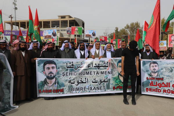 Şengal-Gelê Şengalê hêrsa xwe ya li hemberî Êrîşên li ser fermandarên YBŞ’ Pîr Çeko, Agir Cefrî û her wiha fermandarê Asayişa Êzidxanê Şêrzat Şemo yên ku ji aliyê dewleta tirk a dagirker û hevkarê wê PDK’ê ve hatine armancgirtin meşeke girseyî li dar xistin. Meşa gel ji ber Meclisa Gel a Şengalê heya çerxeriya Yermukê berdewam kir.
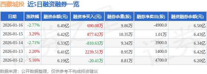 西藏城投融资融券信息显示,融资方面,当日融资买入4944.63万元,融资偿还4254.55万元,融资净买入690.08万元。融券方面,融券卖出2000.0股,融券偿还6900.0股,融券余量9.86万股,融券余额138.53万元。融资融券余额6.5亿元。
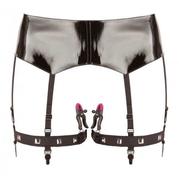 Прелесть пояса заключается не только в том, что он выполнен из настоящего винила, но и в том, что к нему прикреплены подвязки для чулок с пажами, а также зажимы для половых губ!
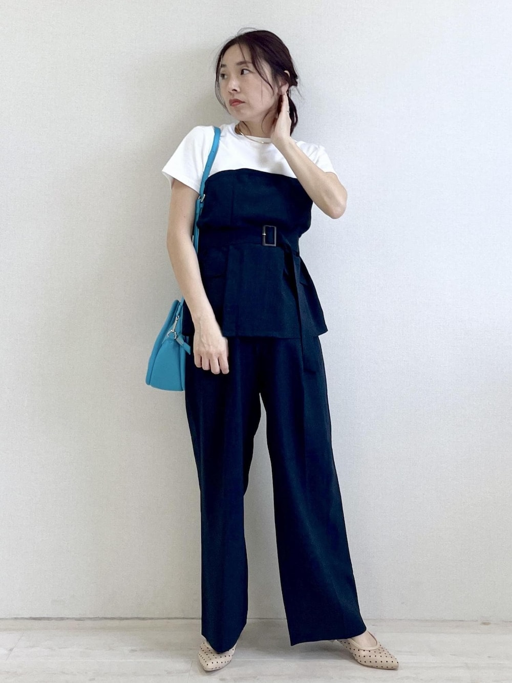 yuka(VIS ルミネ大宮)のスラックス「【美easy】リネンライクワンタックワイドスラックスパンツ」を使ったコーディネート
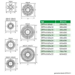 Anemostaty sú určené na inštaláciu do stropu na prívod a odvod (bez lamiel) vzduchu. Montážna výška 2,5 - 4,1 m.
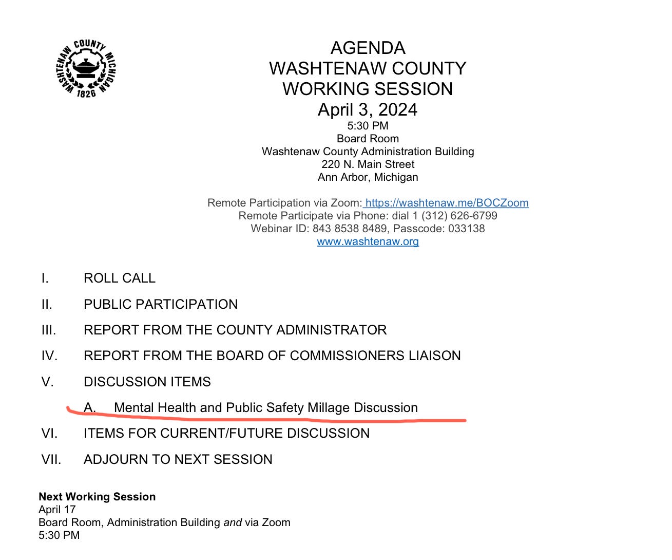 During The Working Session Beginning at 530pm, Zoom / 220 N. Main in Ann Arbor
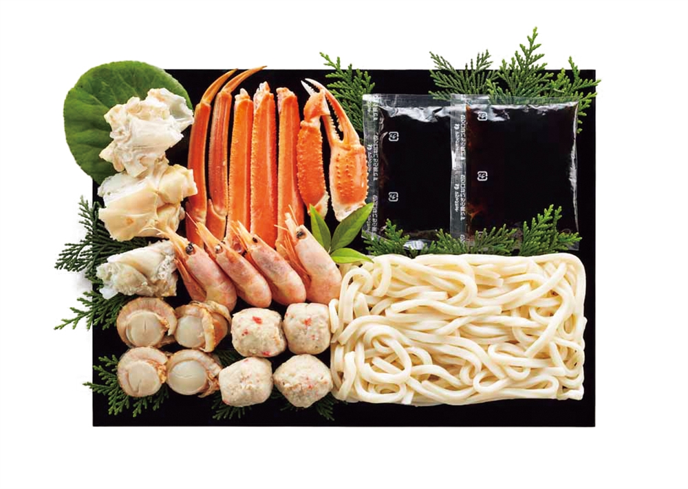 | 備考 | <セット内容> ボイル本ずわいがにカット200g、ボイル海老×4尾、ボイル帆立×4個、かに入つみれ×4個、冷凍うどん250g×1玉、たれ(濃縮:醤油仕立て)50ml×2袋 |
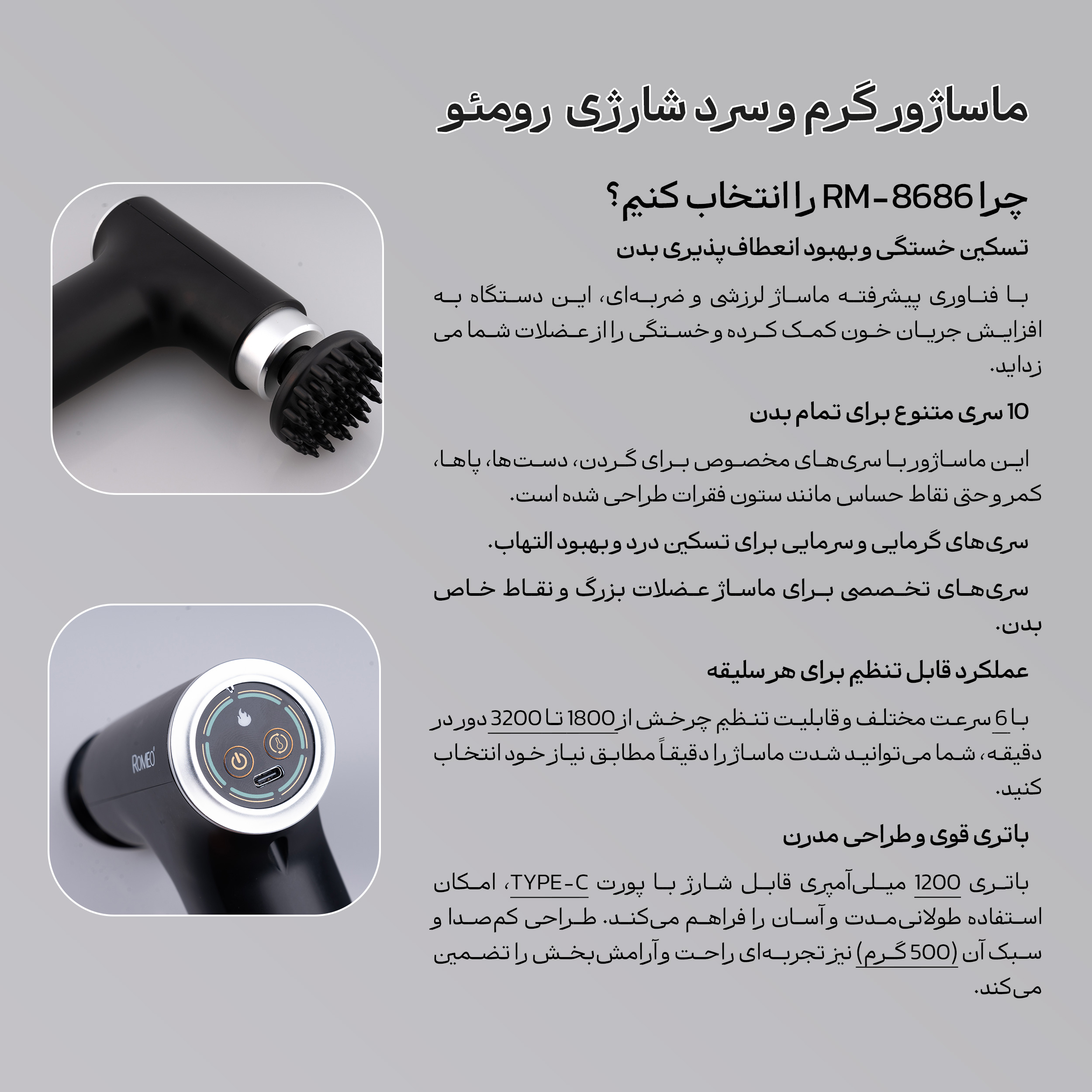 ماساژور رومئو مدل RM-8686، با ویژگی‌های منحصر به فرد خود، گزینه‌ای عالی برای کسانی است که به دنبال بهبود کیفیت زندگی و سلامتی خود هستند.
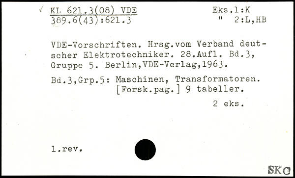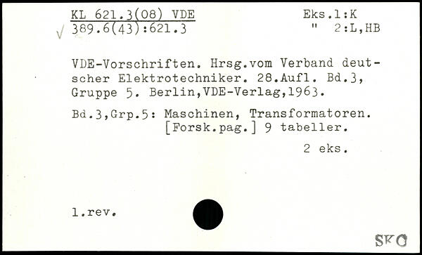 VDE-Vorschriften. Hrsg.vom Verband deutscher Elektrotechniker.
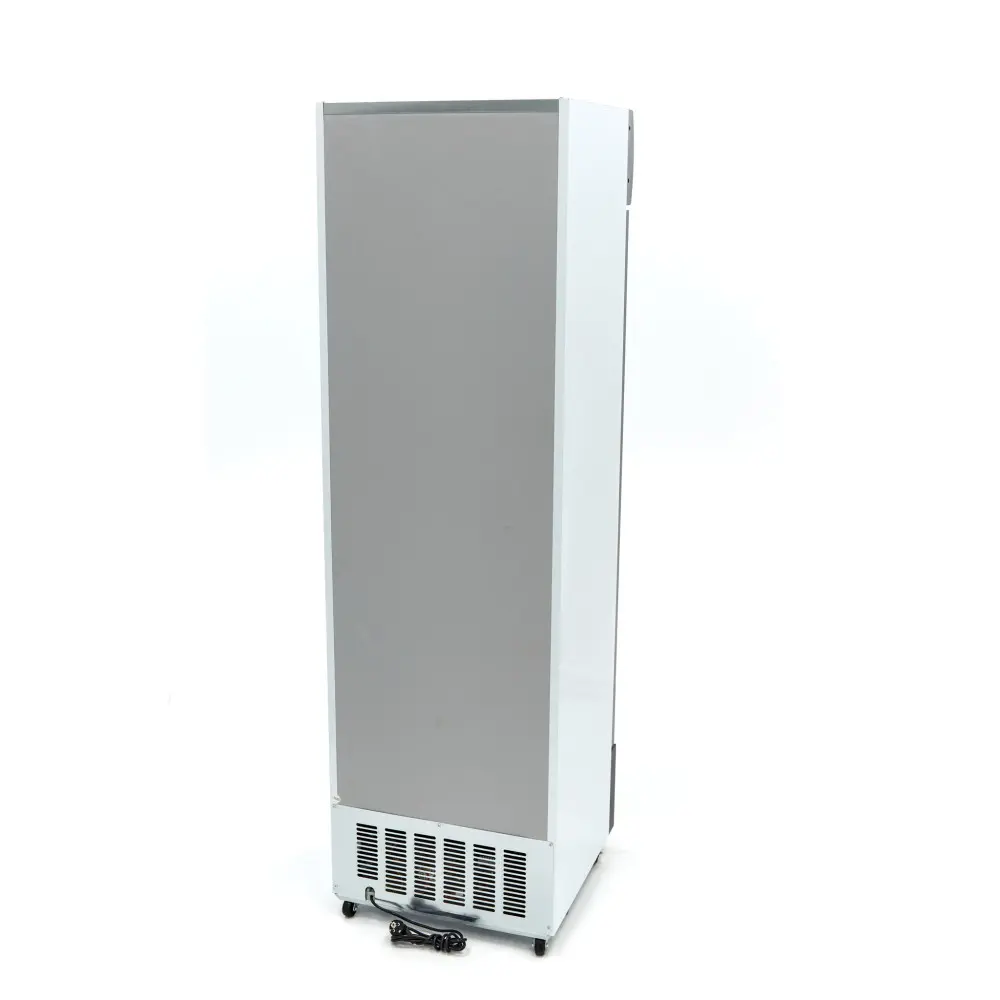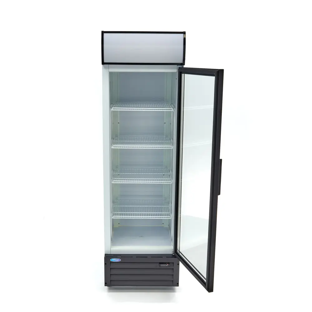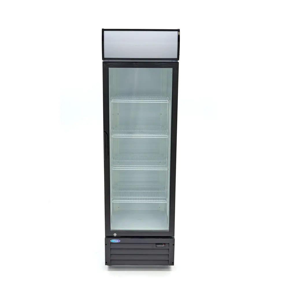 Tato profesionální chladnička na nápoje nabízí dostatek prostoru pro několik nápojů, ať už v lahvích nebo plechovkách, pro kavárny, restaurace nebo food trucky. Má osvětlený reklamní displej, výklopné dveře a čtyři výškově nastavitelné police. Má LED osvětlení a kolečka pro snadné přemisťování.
:::::
Each record, word for word, should be printed again without its pictures.

### Written reply
 Şengal-Gelê Şengalê hêrsa xwe ya li hemberî Êrîşên li ser fermandarên YBŞ’ Pîr Çeko, Agir Cefrî û her wiha fermandarê Asayişa Êzidxanê Şêrzat Şemo yên ku ji aliyê dewleta tirk a dagirker û hevkarê wê PDK’ê ve hatine armancgirtin meşeke girseyî li dar xistin. Meşa gel ji ber Meclisa Gel a Şengalê heya çerxeriya Yermukê berdewam kir.
 西藏城投融资融券信息显示,融资方面,当日融资买入4944.63万元,融资偿还4254.55万元,融资净买入690.08万元。融券方面,融券卖出2000.0股,融券偿还6900.0股,融券余量9.86万股,融券余额138.53万元。融资融券余额6.5亿元。
 Прелесть пояса заключается не только в том, что он выполнен из настоящего винила, но и в том, что к нему прикреплены подвязки для чулок с пажами, а также зажимы для половых губ!
 yuka(VIS ルミネ大宮)のスラックス「【美easy】リネンライクワンタックワイドスラックスパンツ」を使ったコーディネート
 Anemostaty sú určené na inštaláciu do stropu na prívod a odvod (bez lamiel) vzduchu. Montážna výška 2,5 - 4,1 m.
 During The Working Session Beginning at 530pm, Zoom / 220 N. Main in Ann Arbor
 | 備考 | <セット内容> ボイル本ずわいがにカット200g、ボイル海老×4尾、ボイル帆立×4個、かに入つみれ×4個、冷凍うどん250g×1玉、たれ(濃縮:醤油仕立て)50ml×2袋 |
 ماساژور رومئو مدل RM-8686، با ویژگی‌های منحصر به فرد خود، گزینه‌ای عالی برای کسانی است که به دنبال بهبود کیفیت زندگی و سلامتی خود هستند.
 VDE-Vorschriften. Hrsg.vom Verband deutscher Elektrotechniker.
 Tato profesionální chladnička na nápoje nabízí dostatek prostoru pro několik nápojů, ať už v lahvích nebo plechovkách, pro kavárny, restaurace nebo food trucky. Má osvětlený reklamní displej, výklopné dveře a čtyři výškově nastavitelné police. Má LED osvětlení a kolečka pro snadné přemisťování.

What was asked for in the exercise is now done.